Work instruction:
Print the lines in the listing below starting at the line with "VEVOR M-sized disposable" and ending at the line with "2. 令人惊叹的2D艺术设计", both included. Reproduce them exactly and omit every picture.

Data in this exercise:
= Beginning of Section =
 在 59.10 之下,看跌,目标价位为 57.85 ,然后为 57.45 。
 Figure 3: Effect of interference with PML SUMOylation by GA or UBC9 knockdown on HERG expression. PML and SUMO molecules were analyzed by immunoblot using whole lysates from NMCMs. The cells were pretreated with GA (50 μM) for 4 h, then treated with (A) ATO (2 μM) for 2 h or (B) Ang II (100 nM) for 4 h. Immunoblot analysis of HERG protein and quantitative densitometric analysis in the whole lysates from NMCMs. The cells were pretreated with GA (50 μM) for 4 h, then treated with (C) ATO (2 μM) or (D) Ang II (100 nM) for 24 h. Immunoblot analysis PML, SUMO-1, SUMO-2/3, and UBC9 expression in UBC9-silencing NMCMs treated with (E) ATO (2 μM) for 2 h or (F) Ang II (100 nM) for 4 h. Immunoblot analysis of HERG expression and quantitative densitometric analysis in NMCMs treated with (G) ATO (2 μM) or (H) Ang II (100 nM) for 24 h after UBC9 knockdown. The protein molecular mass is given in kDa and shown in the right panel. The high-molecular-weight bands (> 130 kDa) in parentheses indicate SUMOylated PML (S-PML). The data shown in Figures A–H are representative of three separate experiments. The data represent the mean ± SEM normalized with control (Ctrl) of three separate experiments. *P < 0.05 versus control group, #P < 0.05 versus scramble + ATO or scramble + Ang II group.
= End of Section =
= Beginning of Section =
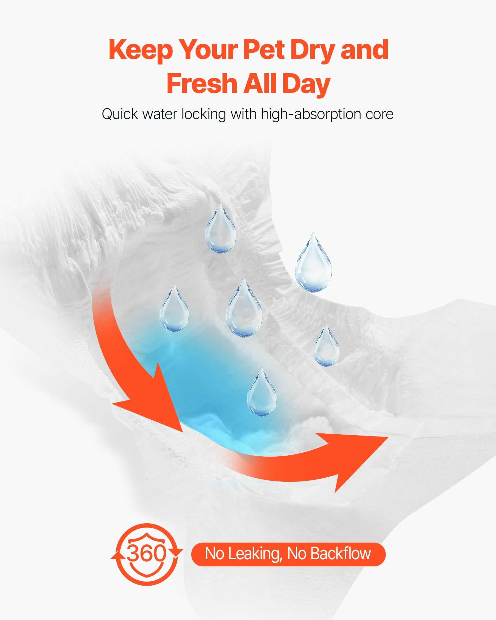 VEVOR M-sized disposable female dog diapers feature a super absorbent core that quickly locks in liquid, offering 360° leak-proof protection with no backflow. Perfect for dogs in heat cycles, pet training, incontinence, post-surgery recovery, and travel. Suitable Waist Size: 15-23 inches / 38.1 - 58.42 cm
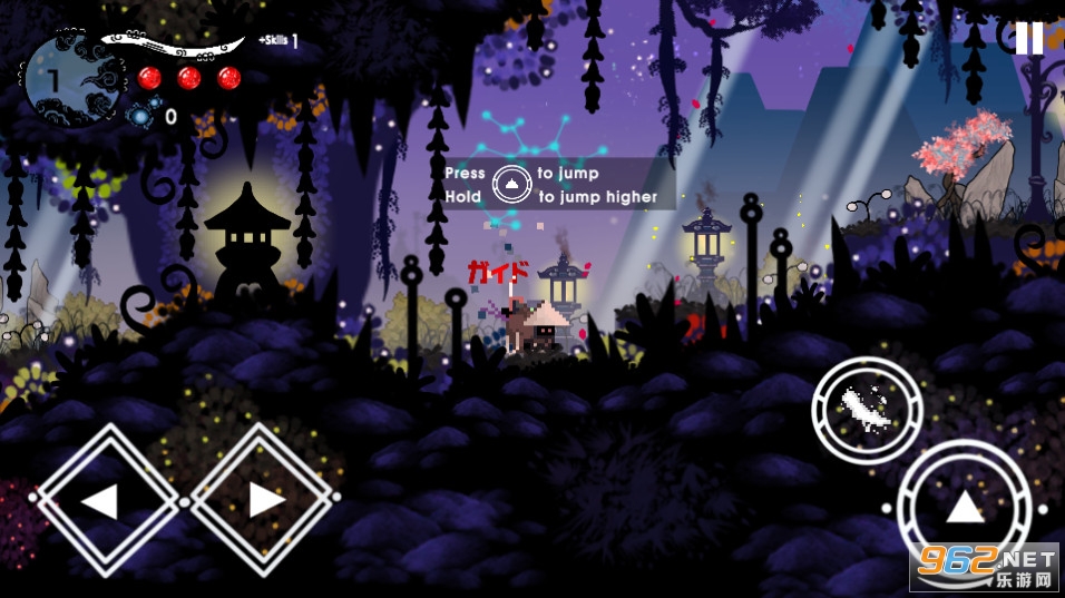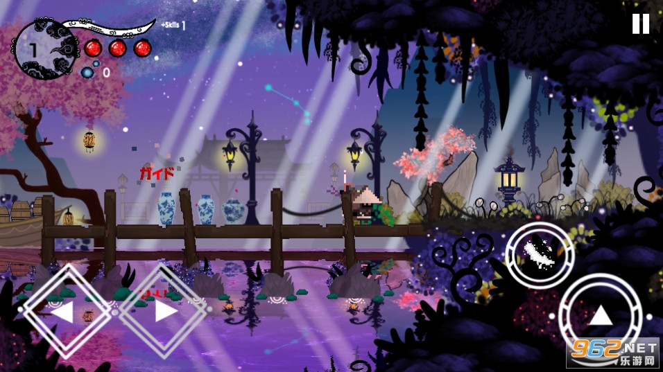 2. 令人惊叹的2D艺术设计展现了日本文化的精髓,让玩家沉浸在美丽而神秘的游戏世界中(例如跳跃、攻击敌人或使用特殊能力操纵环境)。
= End of Section =
Solution below:
 VEVOR M-sized disposable female dog diapers feature a super absorbent core that quickly locks in liquid, offering 360° leak-proof protection with no backflow. Perfect for dogs in heat cycles, pet training, incontinence, post-surgery recovery, and travel. Suitable Waist Size: 15-23 inches / 38.1 - 58.42 cm
 2. 令人惊叹的2D艺术设计展现了日本文化的精髓,让玩家沉浸在美丽而神秘的游戏世界中(例如跳跃、攻击敌人或使用特殊能力操纵环境)。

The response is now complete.